For the entries below, the result should be an exact transcription of the lines from the one with "14k Rose Gold" up to and including the one with "- Timber plate", and only those.
╭─ Material supplied
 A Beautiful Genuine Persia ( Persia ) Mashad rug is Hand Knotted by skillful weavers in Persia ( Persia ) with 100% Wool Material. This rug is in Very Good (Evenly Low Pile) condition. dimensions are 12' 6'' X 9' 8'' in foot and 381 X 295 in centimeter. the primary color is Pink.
╰─
╭─ Material supplied
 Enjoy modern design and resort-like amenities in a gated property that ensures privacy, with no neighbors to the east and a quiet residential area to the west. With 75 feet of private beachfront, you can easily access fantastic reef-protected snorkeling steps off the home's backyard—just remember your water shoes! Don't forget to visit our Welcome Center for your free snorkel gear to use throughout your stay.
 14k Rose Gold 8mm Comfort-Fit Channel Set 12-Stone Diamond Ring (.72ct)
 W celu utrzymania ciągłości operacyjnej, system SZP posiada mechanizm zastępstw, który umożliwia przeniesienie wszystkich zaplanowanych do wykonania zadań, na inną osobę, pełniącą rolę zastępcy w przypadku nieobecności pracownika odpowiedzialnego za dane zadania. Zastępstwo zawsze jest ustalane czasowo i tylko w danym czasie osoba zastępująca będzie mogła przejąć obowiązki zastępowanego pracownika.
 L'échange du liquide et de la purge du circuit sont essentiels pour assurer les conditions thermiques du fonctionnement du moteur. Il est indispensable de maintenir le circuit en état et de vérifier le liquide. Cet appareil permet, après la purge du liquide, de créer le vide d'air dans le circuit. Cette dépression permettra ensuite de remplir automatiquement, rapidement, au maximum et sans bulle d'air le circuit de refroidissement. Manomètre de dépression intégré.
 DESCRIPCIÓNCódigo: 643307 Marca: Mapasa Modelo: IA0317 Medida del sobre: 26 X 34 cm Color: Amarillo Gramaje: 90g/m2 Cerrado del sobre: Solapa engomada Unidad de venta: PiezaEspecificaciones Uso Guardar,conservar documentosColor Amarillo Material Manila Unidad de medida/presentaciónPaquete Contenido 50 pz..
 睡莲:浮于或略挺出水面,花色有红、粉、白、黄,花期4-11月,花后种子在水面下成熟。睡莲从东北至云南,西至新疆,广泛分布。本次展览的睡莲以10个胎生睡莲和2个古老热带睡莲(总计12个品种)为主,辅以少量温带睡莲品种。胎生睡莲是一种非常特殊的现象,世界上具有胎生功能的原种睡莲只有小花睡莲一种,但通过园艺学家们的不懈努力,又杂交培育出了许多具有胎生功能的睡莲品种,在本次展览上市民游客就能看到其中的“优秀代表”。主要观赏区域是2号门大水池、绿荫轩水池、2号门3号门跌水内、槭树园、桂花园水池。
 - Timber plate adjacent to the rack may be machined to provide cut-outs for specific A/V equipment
╰─
Exercise result.
 14k Rose Gold 8mm Comfort-Fit Channel Set 12-Stone Diamond Ring (.72ct)
 W celu utrzymania ciągłości operacyjnej, system SZP posiada mechanizm zastępstw, który umożliwia przeniesienie wszystkich zaplanowanych do wykonania zadań, na inną osobę, pełniącą rolę zastępcy w przypadku nieobecności pracownika odpowiedzialnego za dane zadania. Zastępstwo zawsze jest ustalane czasowo i tylko w danym czasie osoba zastępująca będzie mogła przejąć obowiązki zastępowanego pracownika.
 L'échange du liquide et de la purge du circuit sont essentiels pour assurer les conditions thermiques du fonctionnement du moteur. Il est indispensable de maintenir le circuit en état et de vérifier le liquide. Cet appareil permet, après la purge du liquide, de créer le vide d'air dans le circuit. Cette dépression permettra ensuite de remplir automatiquement, rapidement, au maximum et sans bulle d'air le circuit de refroidissement. Manomètre de dépression intégré.
 DESCRIPCIÓNCódigo: 643307 Marca: Mapasa Modelo: IA0317 Medida del sobre: 26 X 34 cm Color: Amarillo Gramaje: 90g/m2 Cerrado del sobre: Solapa engomada Unidad de venta: PiezaEspecificaciones Uso Guardar,conservar documentosColor Amarillo Material Manila Unidad de medida/presentaciónPaquete Contenido 50 pz..
 睡莲:浮于或略挺出水面,花色有红、粉、白、黄,花期4-11月,花后种子在水面下成熟。睡莲从东北至云南,西至新疆,广泛分布。本次展览的睡莲以10个胎生睡莲和2个古老热带睡莲(总计12个品种)为主,辅以少量温带睡莲品种。胎生睡莲是一种非常特殊的现象,世界上具有胎生功能的原种睡莲只有小花睡莲一种,但通过园艺学家们的不懈努力,又杂交培育出了许多具有胎生功能的睡莲品种,在本次展览上市民游客就能看到其中的“优秀代表”。主要观赏区域是2号门大水池、绿荫轩水池、2号门3号门跌水内、槭树园、桂花园水池。
 - Timber plate adjacent to the rack may be machined to provide cut-outs for specific A/V equipment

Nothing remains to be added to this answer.